I do love the Brighton Festival fringe...

Arts Council Flat
... though I think the outside of the building could do with a lick of paint before they start on the ninth floor.

Anyhoo, I don't really have time to appreciate art in a council flat, because as anyone who's read my ridiculous schedule for May will know, last night was the start of my nine-shows-in-three-weeks cultural marathon. Lisa and I went to see The Brighton Moment at the Komedia, and may I say it was very good. Well, parts of it were very good.
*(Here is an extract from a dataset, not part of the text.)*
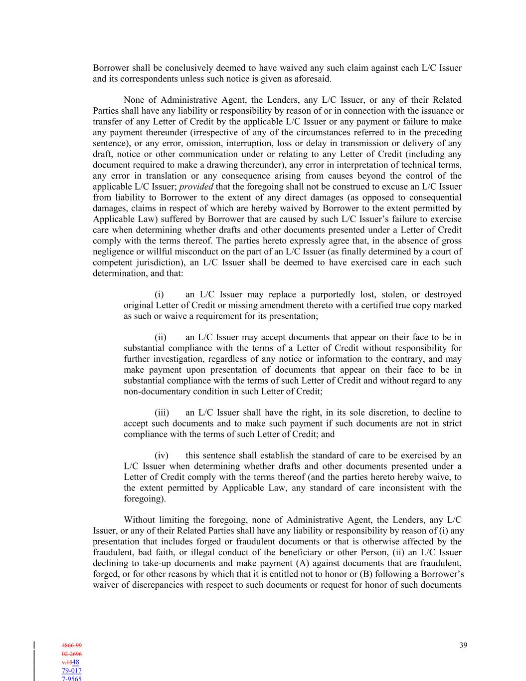 4866-99 02-2696 v.1548 79-017 7-9565 39 Borrower shall be conclusively deemed to have waived any such claim against each L/C Issuer and its correspondents unless such notice is given as aforesaid. None of Administrative Agent, the Lenders, any L/C Issuer, or any of their Related Parties shall have any liability or responsibility by reason of or in connection with the issuance or transfer of any Letter of Credit by the applicable L/C Issuer or any payment or failure to make any payment thereunder (irrespective of any of the circumstances referred to in the preceding sentence), or any error, omission, interruption, loss or delay in transmission or delivery of any draft, notice or other communication under or relating to any Letter of Credit (including any document required to make a drawing thereunder), any error in interpretation of technical terms, any error in translation or any consequence arising from causes beyond the control of the applicable L/C Issuer; provided that the foregoing shall not be construed to excuse an L/C Issuer from liability to Borrower to the extent of any direct damages (as opposed to consequential damages, claims in respect of which are hereby waived by Borrower to the extent permitted by Applicable Law) suffered by Borrower that are caused by such L/C Issuer’s failure to exercise care when determining whether drafts and other documents presented under a Letter of Credit comply with the terms thereof. The parties hereto expressly agree that, in the absence of gross negligence or willful misconduct on the part of an L/C Issuer (as finally determined by a court of competent jurisdiction), an L/C Issuer shall be deemed to have exercised care in each such determination, and that: (i) an L/C Issuer may replace a purportedly lost, stolen, or destroyed original Letter of Credit or missing amendment thereto with a certified true copy marked as such or waive a requirement for its presentation; (ii) an L/C Issuer may accept documents that appear on their face to be in substantial compliance with the terms of a Letter of Credit without responsibility for further investigation, regardless of any notice or information to the contrary, and may make payment upon presentation of documents that appear on their face to be in substantial compliance with the terms of such Letter of Credit and without regard to any non-documentary condition in such Letter of Credit; (iii) an L/C Issuer shall have the right, in its sole discretion, to decline to accept such documents and to make such payment if such documents are not in strict compliance with the terms of such Letter of Credit; and (iv) this sentence shall establish the standard of care to be exercised by an L/C Issuer when determining whether drafts and other documents presented under a Letter of Credit comply with the terms thereof (and the parties hereto hereby waive, to the extent permitted by Applicable Law, any standard of care inconsistent with the foregoing). Without limiting the foregoing, none of Administrative Agent, the Lenders, any L/C Issuer, or any of their Related Parties shall have any liability or responsibility by reason of (i) any presentation that includes forged or fraudulent documents or that is otherwise affected by the fraudulent, bad faith, or illegal conduct of the beneficiary or other Person, (ii) an L/C Issuer declining to take-up documents and make payment (A) against documents that are fraudulent, forged, or for other reasons by which that it is entitled not to honor or (B) following a Borrower’s waiver of discrepancies with respect to such documents or request for honor of such documents

The bit I liked best was when we walked out after half an hour and went home.

If you read the Brighton Festival programme, or click on the link above, you'll see that the event is described thus:

"The brightest and glitteriest of the city's literati take over the Komedia Upstairs for a one night cabaret of bite-sized Brighton moments... Catch live contributions from Peter James, Jeff Noon, Julie Burchill... and others."
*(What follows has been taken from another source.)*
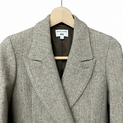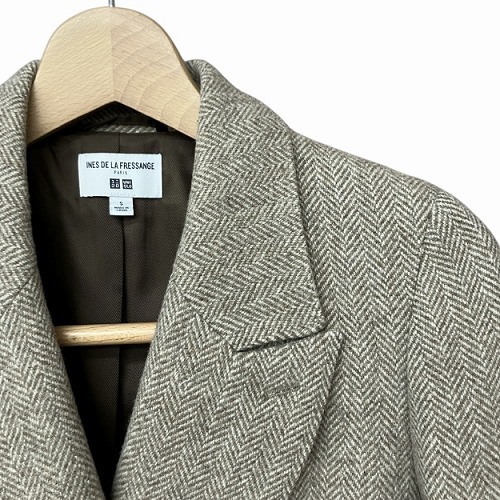 ユニクロ UNIQLO × INES DE LA FRESSANGE イネス ヘリンボーン ウール ダブルブレスト コート ベージュ S レディース

Now, I don't know about you, but to me that indicates something slightly more entertaining than a succession of people just reading aloud. It started well, when three people without microphones came out and read us a chapter of 'Brighton Rock' by Graham Greene. I've no idea why. I think they'd been going for about two minutes when Lisa whispered in my ear "How long shall we give it?". Frankly she was being generous. I'd been tempted to leave before they started. Mind you, we got off pretty lightly - just think how much worse it would have been if we could actually hear them.

To be fair, one of the writers we heard before we ran screaming from the place was quite amusing. David Bramwell, author of The Cheeky Guide to Brighton, read an entertaining tale about a seance, but the problem was that any moments of light relief were counterbalanced by the fact that we were in physical pain the whole way through. For some reason, the organisers had decided that everyone should sit around impossibly cramped tables like we were at some kind of awards ceremony for midgets, and seemed to think that as long as there was room to push twelve chairs under each table, then people would be able to sit down.
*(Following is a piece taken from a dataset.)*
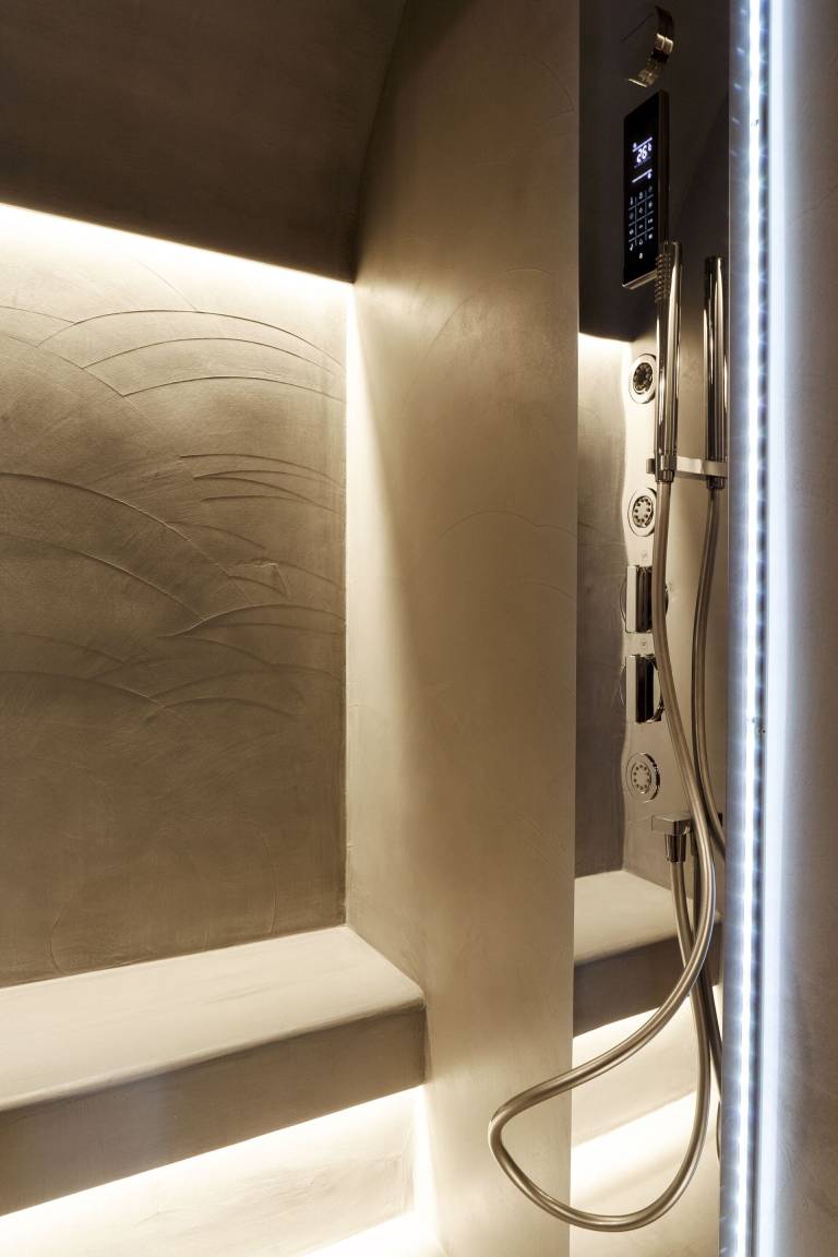 Schlafzimmer mit Bad 4 (30 m²): Doppelbett, Internet, Klimaanlage, Sessel, Schreibtisch, Kühlschrank, Waschbecken, Bidet, Dusche, Fön.

Having managed to find two spare seats by essentially climbing over people's shoulders, we (and by 'we' I mean a pregnant woman and a fat bloke) were expected to somehow squeeze ourselves into a six inch gap between the table and the backs of the chairs, before clashing knees with the other ten people wedged either side of us. And let's not forget that the seats at the Komedia aren't exactly comfortable to begin with. I felt like leaving the moment we sat down. And I would have done if I wasn't stuck fast.

Anyhoo, we managed to sit through six of the scheduled eighteen writers before making a bid for freedom. Each simply read aloud from something they'd written (which to me, isn't exactly cabaret). The exception to the rule was Julie Burchill. When it came to her turn, host Annabel Giles announced that Julie prefers to have an actress read her words, so instead of Ms Burchill taking to the stage, up stepped Jolie Pierce, a radical feminist who once ran a magazine called 'Flow - For Women Who Bleed'. I'm sorry, but when I pay £7.50 to hear a "live contribution from Julie Burchill" (and let's face it, she was the only famous person on the bill) I expect a bit more than just someone else reading aloud from her book.

We're going to see Mike Leigh tomorrow night. Or possibly just an actor who's seen one of his films.